— Problem statement —
As the answer, give exactly the lines of the records below from the one with "Фамилии воинов, вызвавших" through the one with "Gwen Faraday encourages", ends included and pictures left out.

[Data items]
::::::::

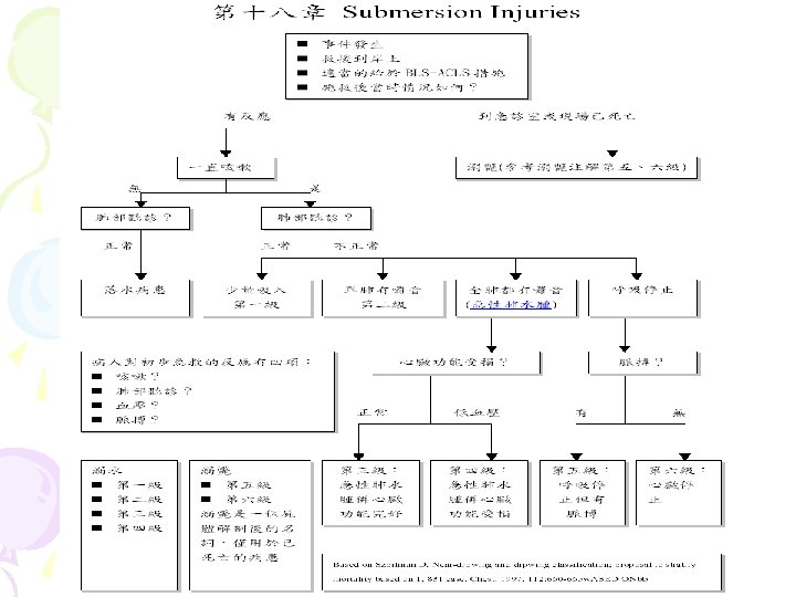 一、證據本位的國際急救準則: 在第二屆American Heart Association (AHA)International Evidence Evaluation Conference 以及the international Guidelines 2000 Conference on CPR and ECC, 國際間 專家的參與,大幅改變了未來的急救準則。未來的急救準則,必需要有國際性的實證醫學 研究資料(evidence-based medicine)為基礎,才能達到應有的正確性及可信度。 2000 年指引會議是世界上第一次以國際性、科學性及證據為基礎之有關急救復甦的會議。 所有指引皆經嚴密之審察,遵守實證醫學(evidence-based medicine)之原則。在指引後面 之括弧內標有Class Ⅰ、Ⅱa、Ⅱb、Ⅲ及“尚待決定”之分級,這是表示過去實驗數據支持 此指引之強度。 一般而言,各分級之意義如下: Class I(第一級):表示在人體實驗上證明良好,確定有效之證據,並至少有一證據是 前 瞻性、隨機、控制下、正面效果的臨床試驗。 Class Ⅱa:表示在人體實驗上是安全、有效。許多專家認為標示Class Ⅱa 的指引,非 常值 得推薦採用。 Class Ⅱb:指證據力不及Ⅱa,但對人體無害。許多專家認為標示Ⅱb 之指引為可接受 之替代 方案。 尚待決定: 證據不足以支持建議為臨床使用。通常這些指引尚在臨床嘗試階段,需要進 一步 再收集資料判斷。 Class Ⅲ: 表示沒有效用,但可能有害,因此不被接受。
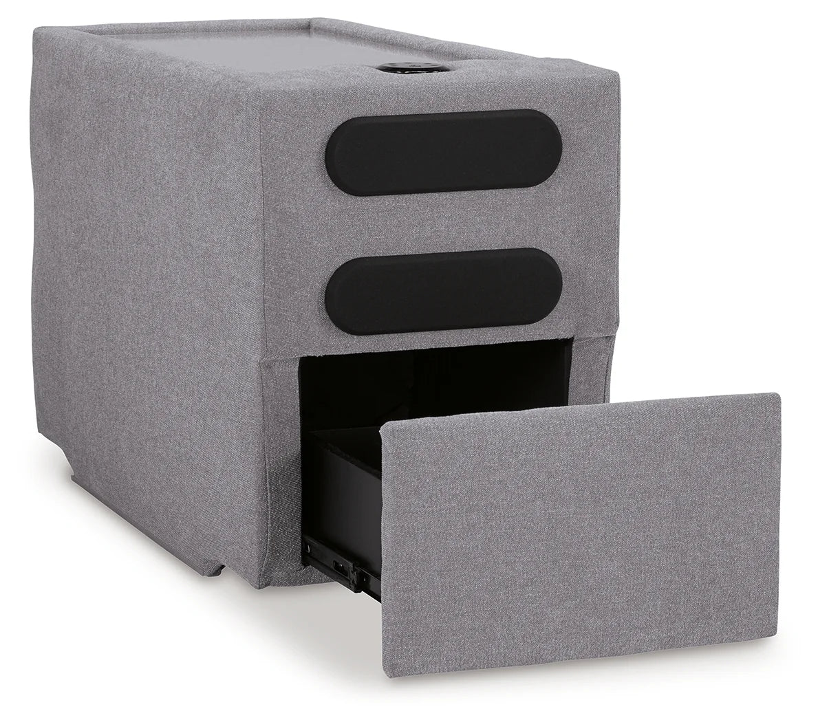 - Console with removable plexiglass top; pull-out drawer for storage; built-in audio sound system with wireless connectivity; audio controls located on console; USB charging; power cord included, UL Listed
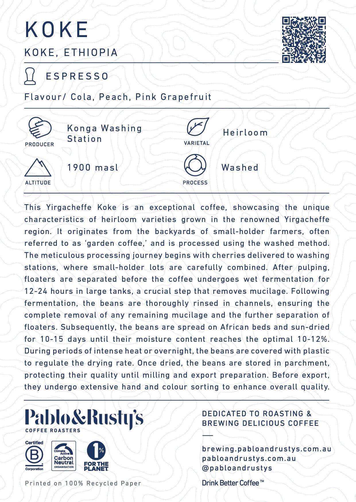 This Yirgacheffe Koke is an exceptional coffee, showcasing the unique characteristics of heirloom varieties grown in the renowned Yirgacheffe region. It originates from the backyards of small-holder farmers, often referred to as 'garden coffee,' and is processed using the washed method.
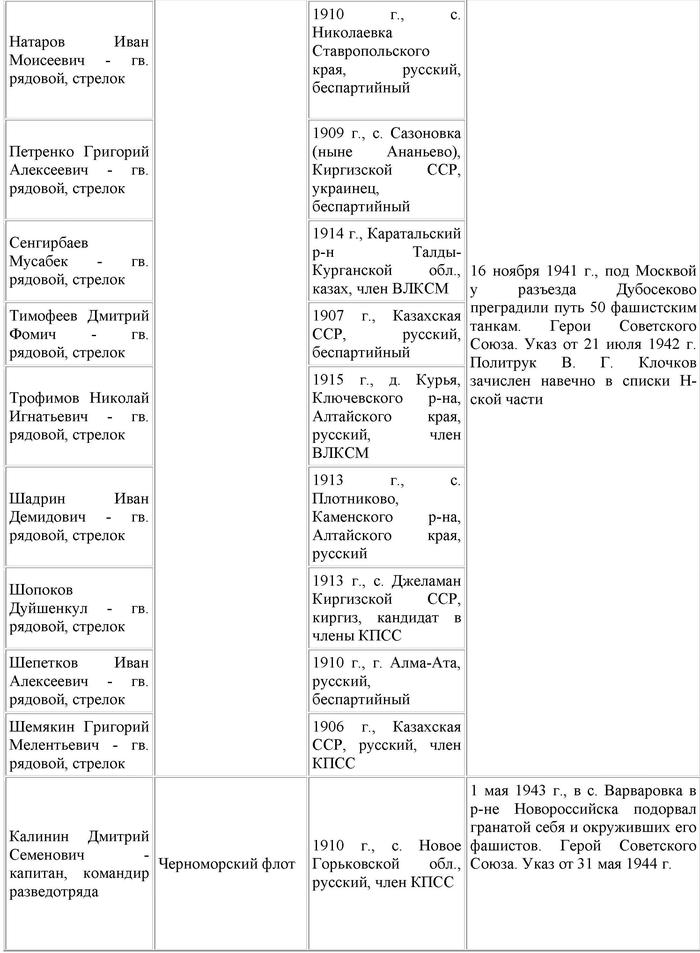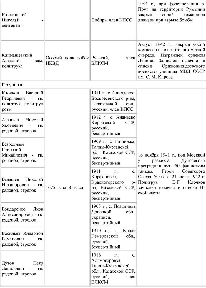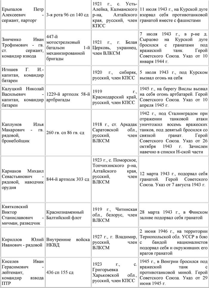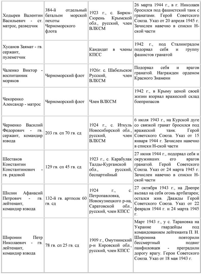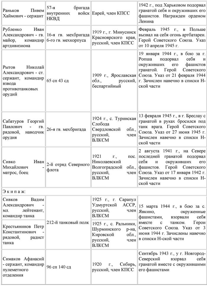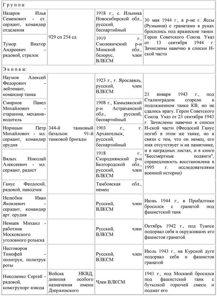 Фамилии воинов, вызвавших огонь на себя, бросившихся под вражеские танки со связками гранат или взорвавших себя вместе с фашистами, даются в алфавитном порядке (группы по фамилиям старших групп). Список составлен на основе материалов, хранящихся в Архиве Министерства обороны СССР и Архиве Министерства внутренних дел СССР. В него не включены имена героев, на которых отсутствуют точные данные.
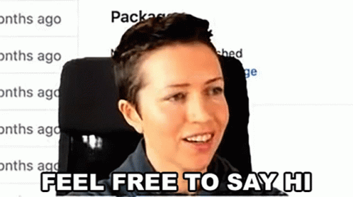 Gwen Faraday encourages viewers to say hi, with the message 'Feel Free To Say Hi' on screen.
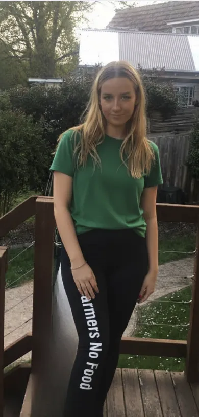 Sleek black leggings with “No Farmers, No Food” printed down the right leg. A clear message with every step.
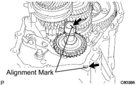 Align the mark on the reverse idler gear shaft with the bolt hole as shown in the illustration.
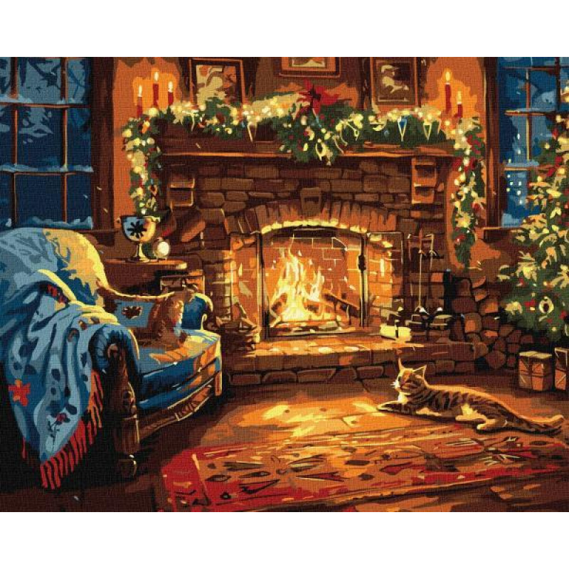 Картина за номерами Зимові та новорічні сюжети. Тепло каміна, 40х50см, в термопакеті, Идейка (KHO6667)

::::::::

— Answer for this exercise —
 Фамилии воинов, вызвавших огонь на себя, бросившихся под вражеские танки со связками гранат или взорвавших себя вместе с фашистами, даются в алфавитном порядке (группы по фамилиям старших групп). Список составлен на основе материалов, хранящихся в Архиве Министерства обороны СССР и Архиве Министерства внутренних дел СССР. В него не включены имена героев, на которых отсутствуют точные данные.
 Gwen Faraday encourages viewers to say hi, with the message 'Feel Free To Say Hi' on screen.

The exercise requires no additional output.